Disclaimer: I have looked through this
question and this question
but they both got derailed by small
details and general
optimization-is-unnecessary concerns.
I really need all the performance I
can get in my current app, which is
receiving-processing-spewing MIDI data
in realtime. Also it needs to scale up
as well as possible.
I am comparing array performance on a high number of reads for small lists to ArrayList and also to just having the variables in hand. I’m finding that an array beats ArrayList by a factor of 2.5 and even beats just having the object references.
What I would like to know is:
- Is my benchmark okay? I have switched the order of the tests and number of runs with no change. I’ve also used milliseconds instead of nanoseconds to no avail.
- Should I be specifying any Java options to minimize this difference?
- If this difference is real, in this case shouldn’t I prefer
Test[]toArrayList<Test>in this situation and put in the code necessary to convert them? Obviously I’m reading a lot more than writing.
JVM is Java 1.6.0_17 on OSX and it is definitely running in Hotspot mode.
public class ArraysVsLists {
static int RUNS = 100000;
public static void main(String[] args) {
long t1;
long t2;
Test test1 = new Test();
test1.thing = (int)Math.round(100*Math.random());
Test test2 = new Test();
test2.thing = (int)Math.round(100*Math.random());
t1 = System.nanoTime();
for (int i=0; i<RUNS; i++) {
test1.changeThing(i);
test2.changeThing(i);
}
t2 = System.nanoTime();
System.out.println((t2-t1) + " How long NO collection");
ArrayList<Test> list = new ArrayList<Test>(1);
list.add(test1);
list.add(test2);
// tried this too: helps a tiny tiny bit
list.trimToSize();
t1= System.nanoTime();
for (int i=0; i<RUNS; i++) {
for (Test eachTest : list) {
eachTest.changeThing(i);
}
}
t2 = System.nanoTime();
System.out.println((t2-t1) + " How long collection");
Test[] array = new Test[2];
list.toArray(array);
t1= System.nanoTime();
for (int i=0; i<RUNS; i++) {
for (Test test : array) {
test.changeThing(i);
}
}
t2 = System.nanoTime();
System.out.println((t2-t1) + " How long array ");
}
}
class Test {
int thing;
int thing2;
public void changeThing(int addThis) {
thing2 = addThis + thing;
}
}
Microbenchmarks are very, very hard to get right on a platform like Java.
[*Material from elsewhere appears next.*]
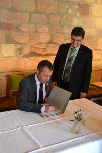 (zg) Am 13.07.2017 fiel der offizielle Startschuss für die neue Tourismus-Kooperation „Sinsheimer Erlebnisregion – Der Norden des Südens“. Oberbürgermeister Jörg Albrecht begrüßte die Bürgermeister der beteiligten Gemeinden Angelbachtal, Epfenbach, Helmstadt-Bargen, Neckarbischofsheim, Neidenstein, Reichartshausen, Waibstadt und Zuzenhausen zur Unterzeichnung der Kooperationsvereinbarung auf der Burg Steinsberg. Hoch erfreut zeigten sich die Bürgermeister darüber, dass es möglich war, die Zusammenarbeit gemeinsam auf den Weg zu bringen.

You definitely have to extract the code to be benchmarked into separate methods, run them a few thousand times as warmup and then measure. I’ve done that (code below) and the result is that direct access through references is then three times as fast as through an array, but the collection is still slower by a factor of 2.
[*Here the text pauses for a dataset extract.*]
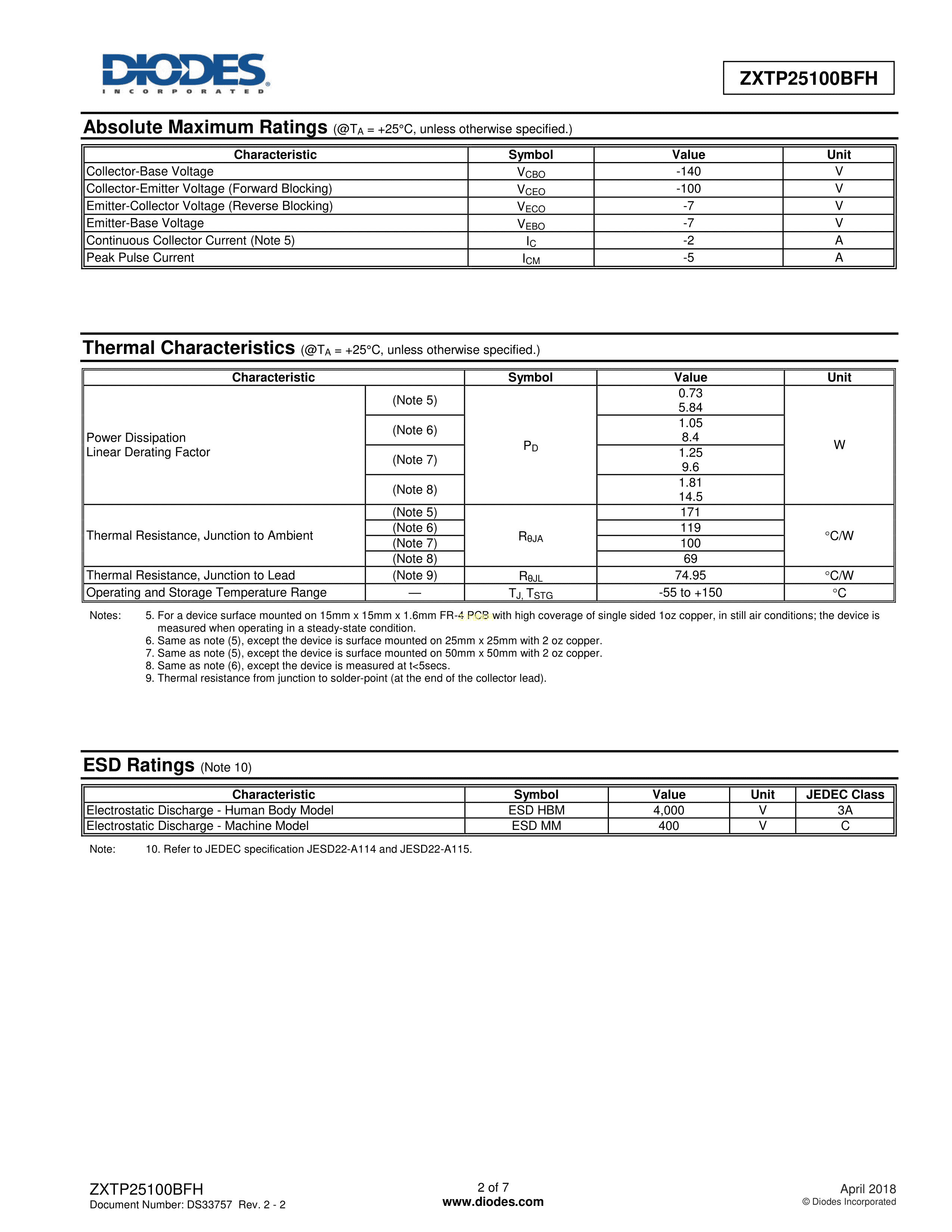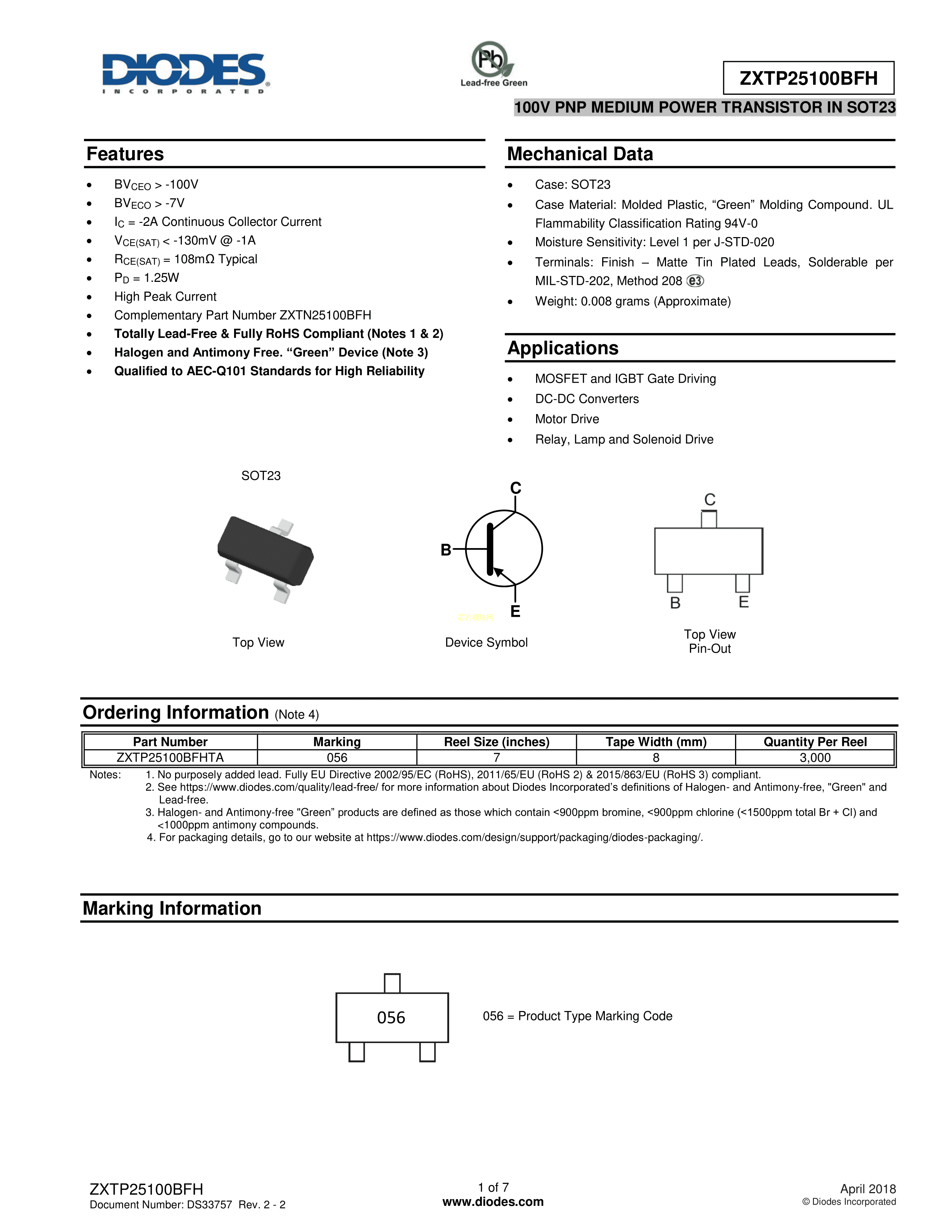 ZXTP25100BFHTA数据手册SOT-23封装DIODES(美台)PDF规格书,中英文下载
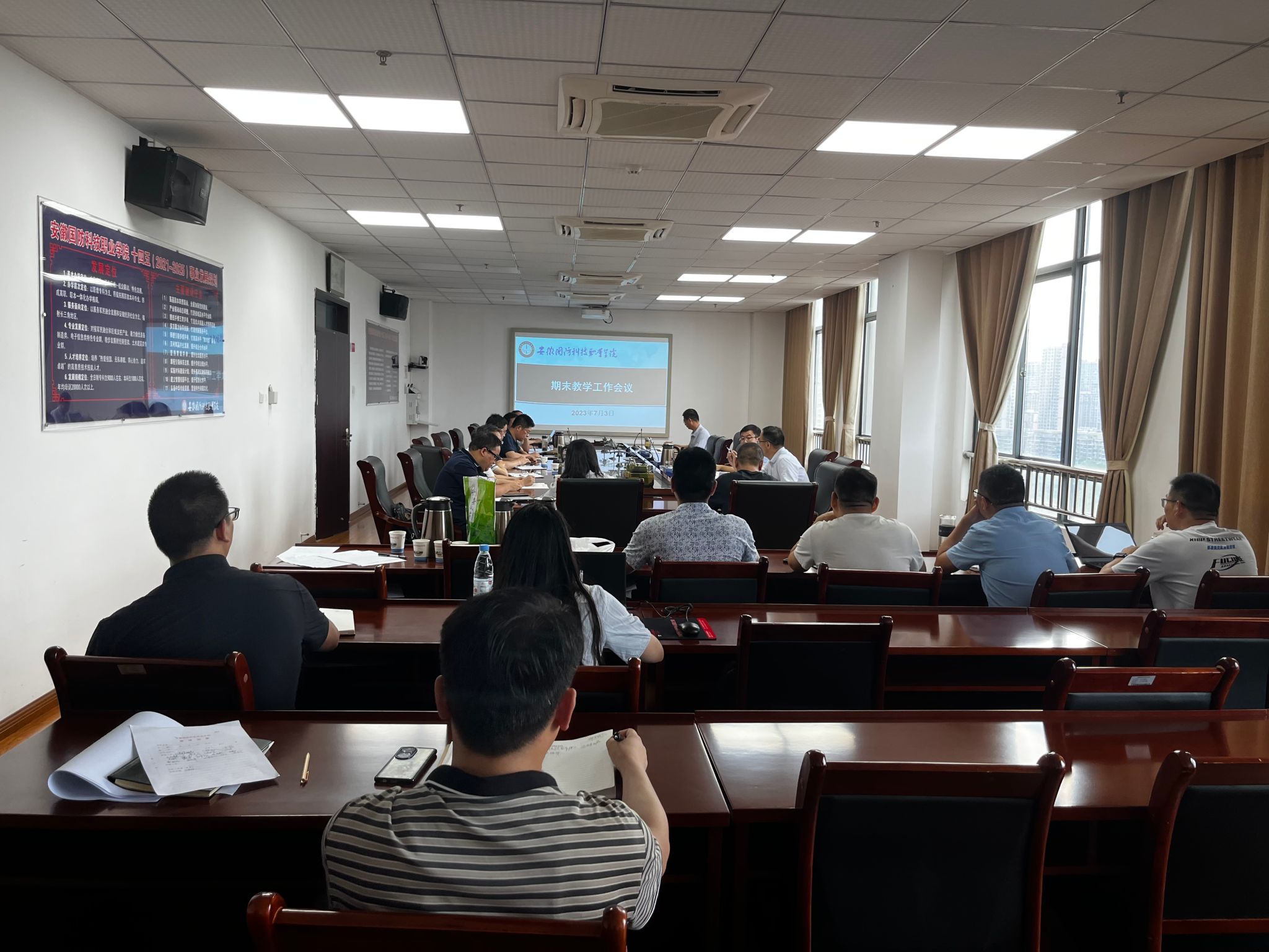 党委委员、人事处处长付贤政布置学校编制周转池制度工作和达办学条件标工程教师材料准备工作。教务处副处长韩玉龙领学《职业教育产教融合赋能提升行动实施方案(2023—2025年)》并对人才培养方案系统功能等进行介绍。党委委员、教务处处长朱修传从各类竞赛备赛保障、人才培养方案制定、调查研究工作、教学安全等方面部署期末工作。继续教育学院院长李中永对函授期末教学工作进行布置。质管办副主任侯国栋对教学督导工作进行布置。

These numbers are based on the JVM options
-server -XX:+DoEscapeAnalysis. Without-server, using the collection is drastically slower (but strangely, direct and array access are quite a bit faster, indicating that there is something weird going on).-XX:+DoEscapeAnalysisyields another 30% speedup for the collection, but it’s very much questionabled whether it will work as well for your actual production code.Overall my conclusion would be: forget about microbenchmarks, they can too easily be misleading. Measure as close to production code as you can without having to rewrite your entire application.